The cover blurb reads – “ The Running Sky records a lifetime of looking at birds. Beginning in summer with clouds of breeding seabirds in Shetland and ending with crepuscular nightjars like giant moths in the heart of England, Tim Dee maps his own observations and encounters over four decades of tracking birds across the globe” So from this, my expectations were that I would be treated to numerous accounts of seasonal bird behaviour and extravaganzas. Instead I got an anecdotal account of Dee’s bird related stories and memories they’ve conjured up.

Don’t get me wrong, it is very well written, and in a tone very reminisce of the old style of nature writing, viewing the world from an emotional standpoint rather than a scientific one. Which comes across as being more of a love letter to the days of John Buxton, and J A Baker, than an engaging informative account of bird ‘sightings’. That is possibly where it lost me.

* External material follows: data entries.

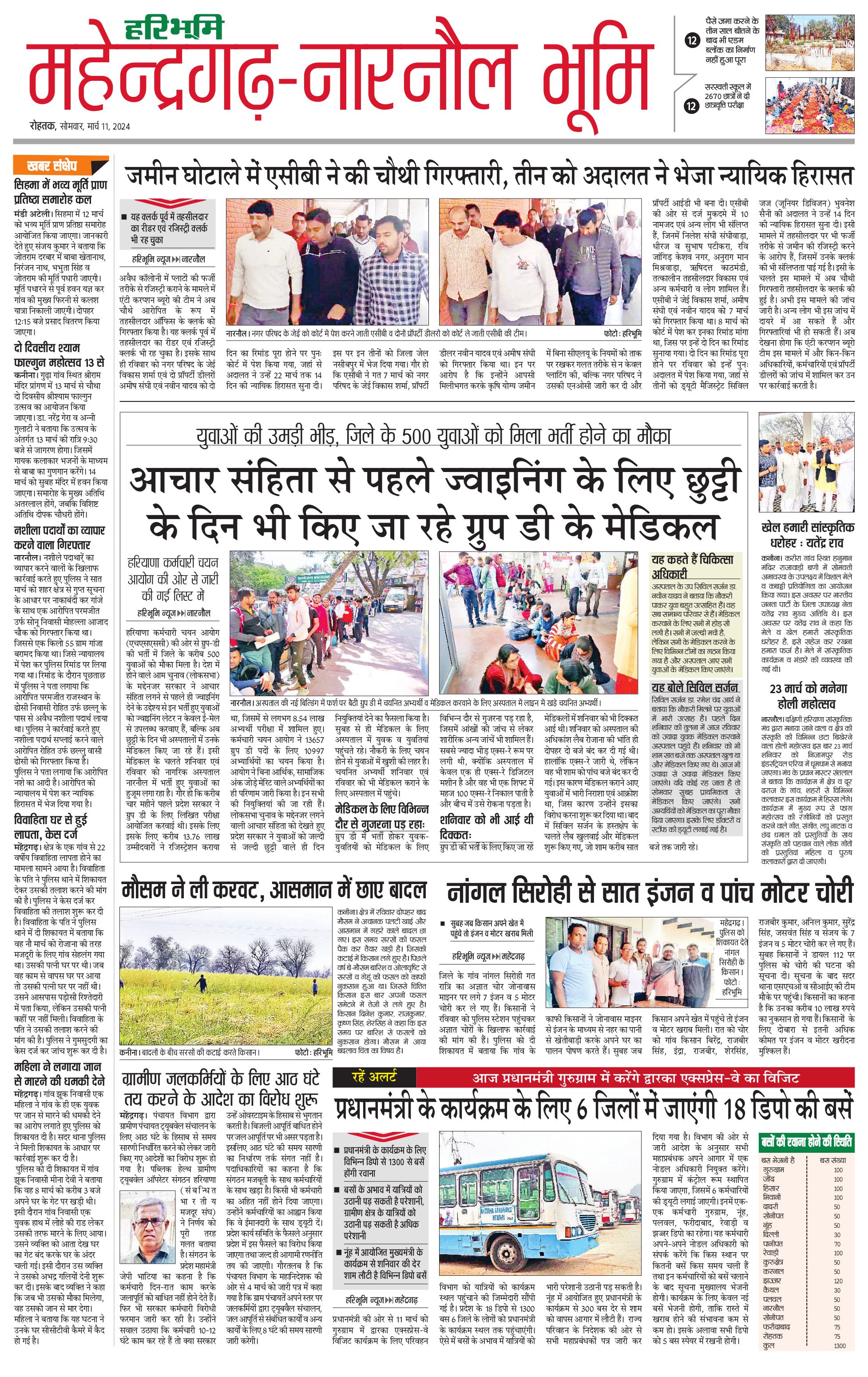 महेंद्रगढ़ - 11 Mar 2024 - - Page 1
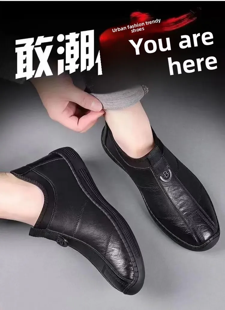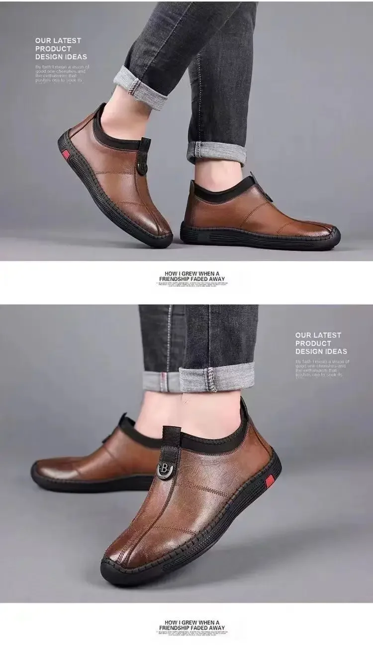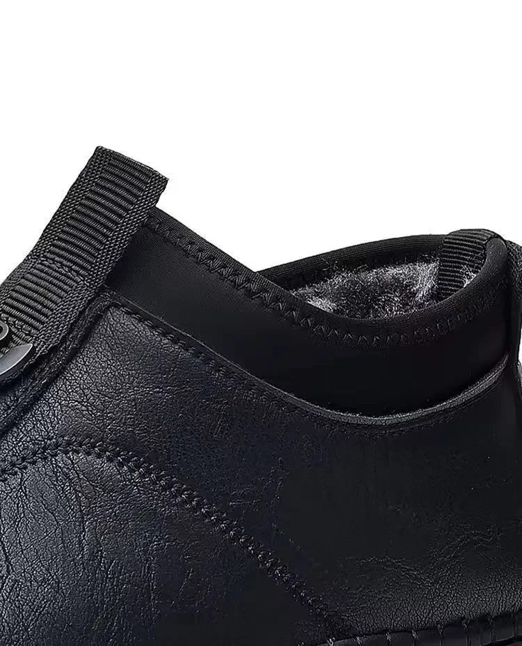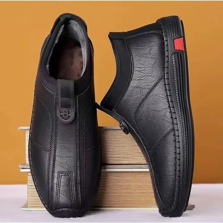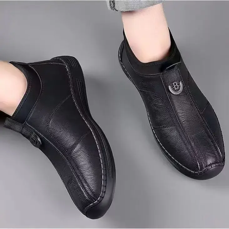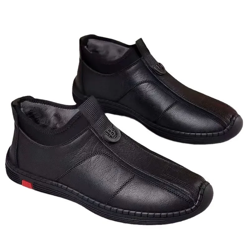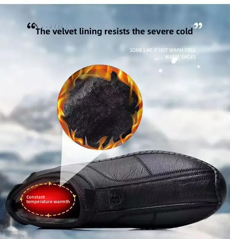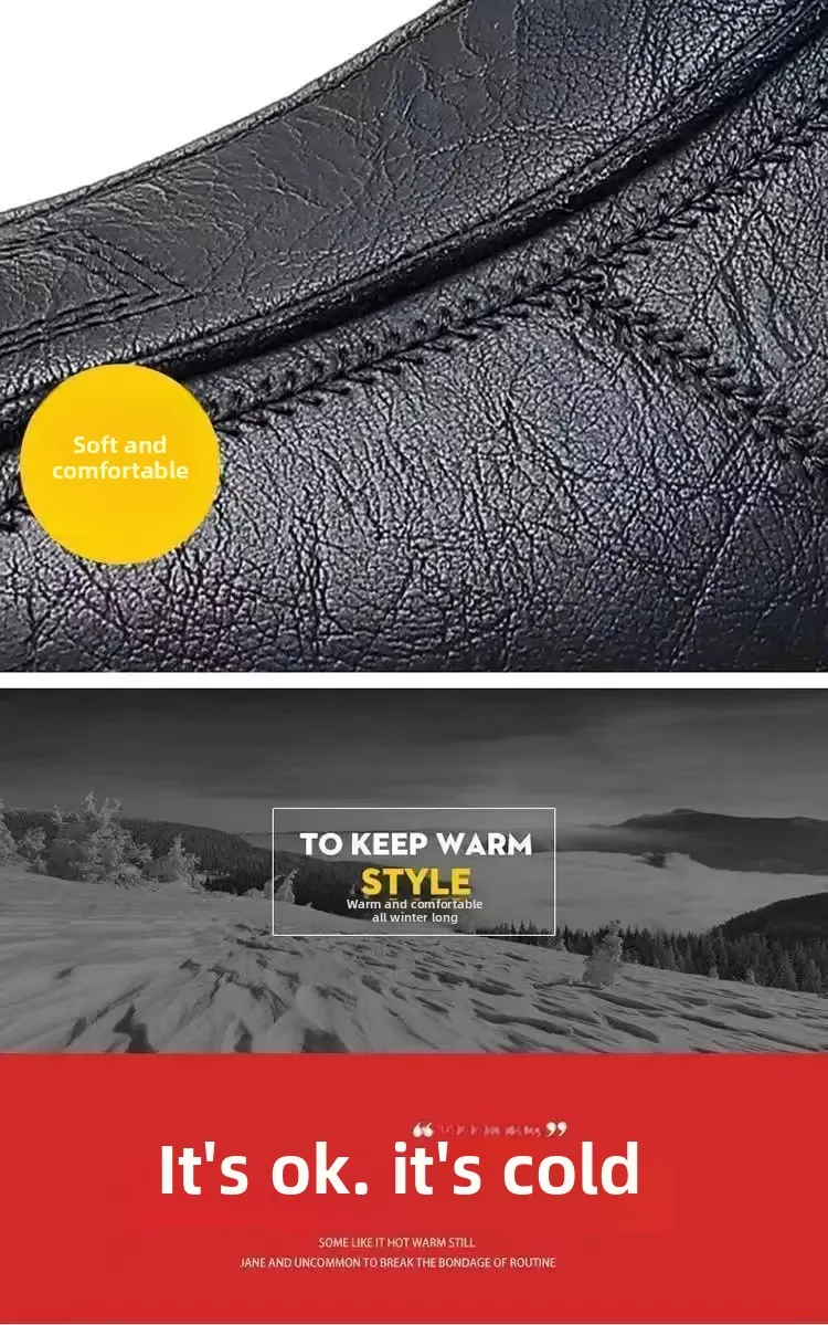 New Men’s Casual Cotton Lined High Top Soft Bottom Leather Shoes Breathable Winter Comfortable
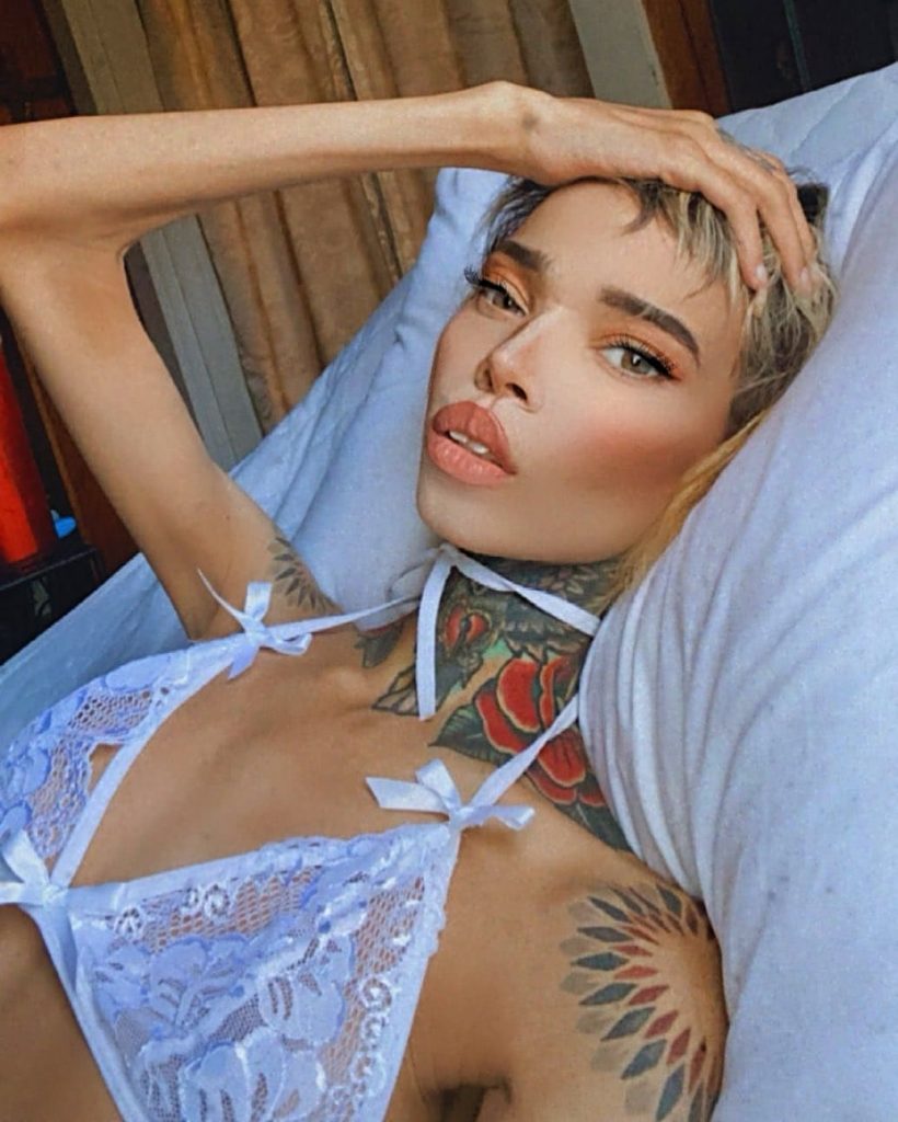 Внешность Gena Tew выделяется необычностью: у нее много татуировок и пирсинг, стройная фигура и выраженные черты лица. В интернете доступны фотографии девушки, включая откровенные снимки, что вызывает большой интерес у аудитории. Некоторым она известна благодаря отношениям с известными исполнителями.
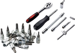Set nasadnih ključeva 1/4" sadrži širok spektar nastavaka, odvijačkih nastavaka i pribora za razne mehaničke radove. Ključevi su izrađeni od kvalitetnog krom-vanadij čelika koji osigurava njihovu otpornost i dug vijek trajanja. Precizna račva s 45 zubi omogućuje glatko korištenje i jednostavnu manipulaciju u ograničenim prostorima.
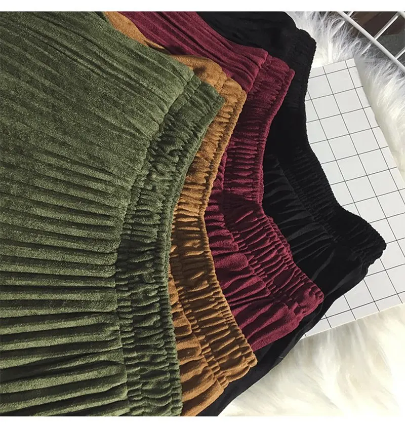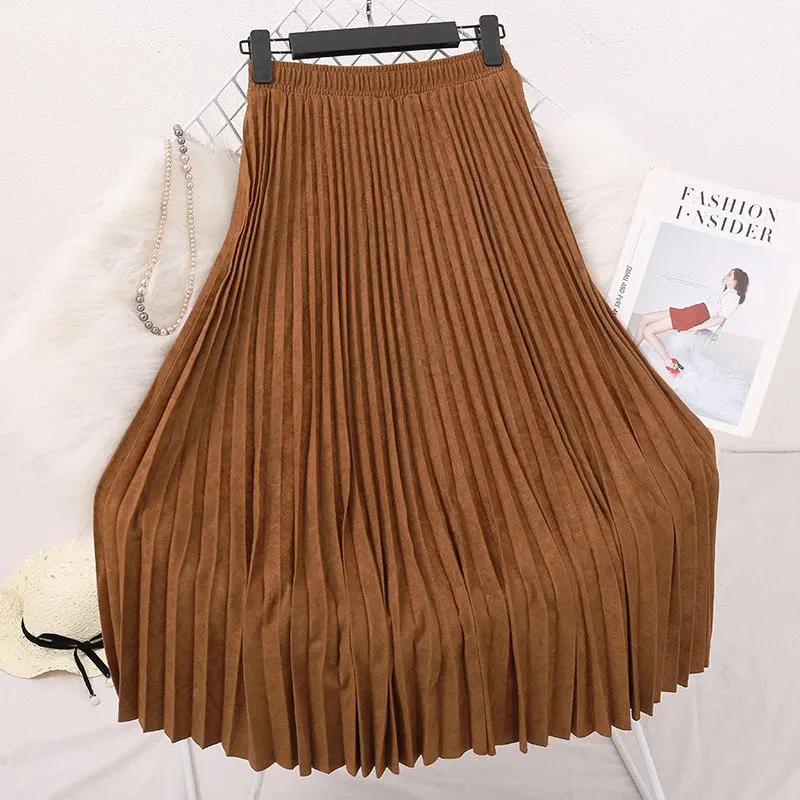 Женская элегантная замшевая юбка средней длины, Корейская винтажная Женская плиссированная плотная Теплая юбка с высокой талией, Mujer Faldas 2020, Осень-зима, Sk622
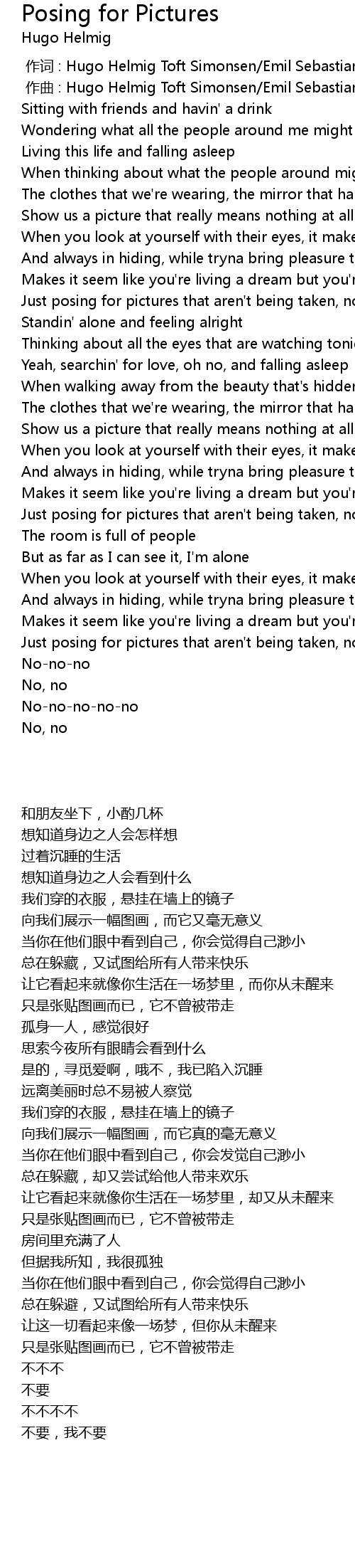| [02:36.200] | Just posing for pictures that aren' t being taken, no, no, no |
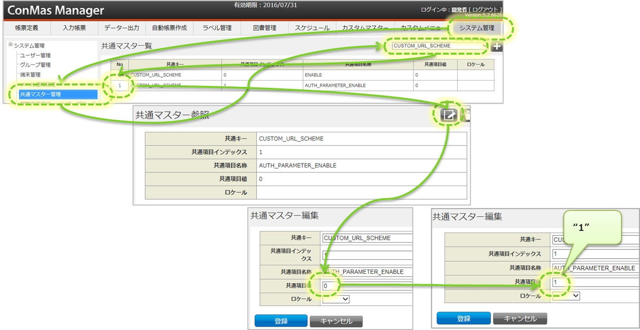 共通項目値 “0”:しない(アプリで手動ログインする) “1”:する(ConMas Managerログインユーザーで自動認証)
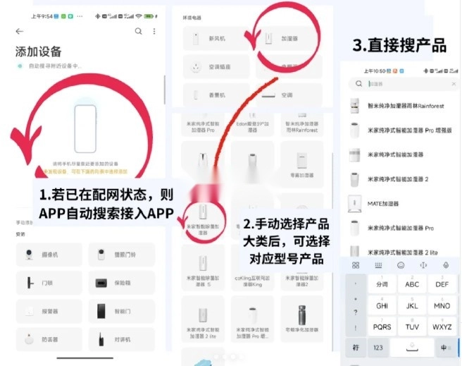 3. 不少设备通电后便会进入配网状态,支持自动配网。要是需要手动配网,能在该页面找到相应品类,进入二级界面后寻找对应的产品,或者直接搜索关键词来找到产品。
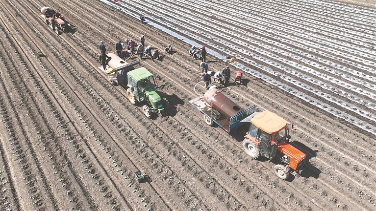 通往新華鄉(xiāng)的道路兩側,儼然一幅動態(tài)的農事畫卷:拖拉機“突突”作響,拉著水罐在田壟間穿梭;菜農們分工默契,有人鋪設地膜,白色薄膜在黑土地上延展成浪;有人彎腰移栽,鮮嫩菜苗被小心植入土中;有人手持水管緊隨其后,清水汩汩滋潤著新苗。覆膜、栽苗、澆水,動作連貫流暢,田埂間回蕩著農具與泥土的碰撞聲,交織成初夏最生動的勞作交響。
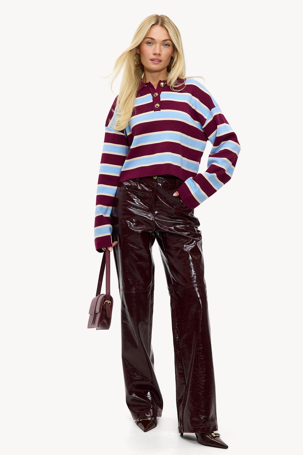Polo bordeaux à rayures 49,99 €Ce polo à manches longues à rayures bordeaux a un design inspiré du rétro avec des rayures contrastées bleu clair et blanches. La coupe courte avec col polo classique et boutons dorés donne une touche preppy à votre look. La coupe oversize assure confort et apparence décontractée. Associez ce haut avec un pantalon en similicuir taille haute pour une ambiance vintage cool.

It does bother me when I don’t like books for no obvious reason, and I do like to look into things a little more to find out if I’m missing something that would have made my experience more enjoyable. So, after reading the book I did a little research. On hindsight, I do understand what Tim Dee wanted to achieve through ‘The Running Sky’ and I do believe that he has accomplished exactly that. Maybe if I had known this before I started I would have been reading with a different preconception and loved it, or perhaps not. Often I did feel like I was being told a story by my grandad, who then goes off on a tangent, and by the time he gets back on track you’ve forgotten the main point of the story he was telling you.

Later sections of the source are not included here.